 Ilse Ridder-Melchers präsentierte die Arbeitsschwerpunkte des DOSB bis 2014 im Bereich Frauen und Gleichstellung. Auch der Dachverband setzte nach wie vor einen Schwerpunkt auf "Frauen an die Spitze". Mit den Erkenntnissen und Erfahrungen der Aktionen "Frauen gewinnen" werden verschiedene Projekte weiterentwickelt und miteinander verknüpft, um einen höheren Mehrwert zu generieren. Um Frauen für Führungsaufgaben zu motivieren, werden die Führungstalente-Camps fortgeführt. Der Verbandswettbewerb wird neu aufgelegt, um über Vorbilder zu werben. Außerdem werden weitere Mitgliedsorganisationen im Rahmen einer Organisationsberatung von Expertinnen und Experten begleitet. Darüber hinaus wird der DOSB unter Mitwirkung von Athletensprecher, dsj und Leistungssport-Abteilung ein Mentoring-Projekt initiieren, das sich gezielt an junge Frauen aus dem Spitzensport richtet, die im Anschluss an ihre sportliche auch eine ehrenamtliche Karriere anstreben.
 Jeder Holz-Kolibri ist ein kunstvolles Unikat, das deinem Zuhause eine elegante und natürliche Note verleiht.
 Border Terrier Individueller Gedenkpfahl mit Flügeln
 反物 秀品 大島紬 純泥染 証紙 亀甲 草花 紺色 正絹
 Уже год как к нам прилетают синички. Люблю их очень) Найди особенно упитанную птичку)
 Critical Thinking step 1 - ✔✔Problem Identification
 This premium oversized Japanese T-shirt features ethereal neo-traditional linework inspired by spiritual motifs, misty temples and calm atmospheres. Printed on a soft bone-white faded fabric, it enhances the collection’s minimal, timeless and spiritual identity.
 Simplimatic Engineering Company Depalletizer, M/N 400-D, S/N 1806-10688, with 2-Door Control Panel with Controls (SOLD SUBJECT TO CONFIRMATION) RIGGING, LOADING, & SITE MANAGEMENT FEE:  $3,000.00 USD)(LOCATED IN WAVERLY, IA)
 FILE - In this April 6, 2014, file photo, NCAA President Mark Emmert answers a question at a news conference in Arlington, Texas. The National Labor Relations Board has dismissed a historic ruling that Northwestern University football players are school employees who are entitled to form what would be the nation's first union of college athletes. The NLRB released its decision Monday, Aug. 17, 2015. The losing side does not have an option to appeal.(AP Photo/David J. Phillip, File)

════════

_BRIEF_: Using the listing above, return word for word each line from the one that has "Border Terrier Individueller" through the one that has "Critical Thinking step", and no line outside that range.

_RESULT OF THIS TASK_:
 Border Terrier Individueller Gedenkpfahl mit Flügeln
 反物 秀品 大島紬 純泥染 証紙 亀甲 草花 紺色 正絹
 Уже год как к нам прилетают синички. Люблю их очень) Найди особенно упитанную птичку)
 Critical Thinking step 1 - ✔✔Problem Identification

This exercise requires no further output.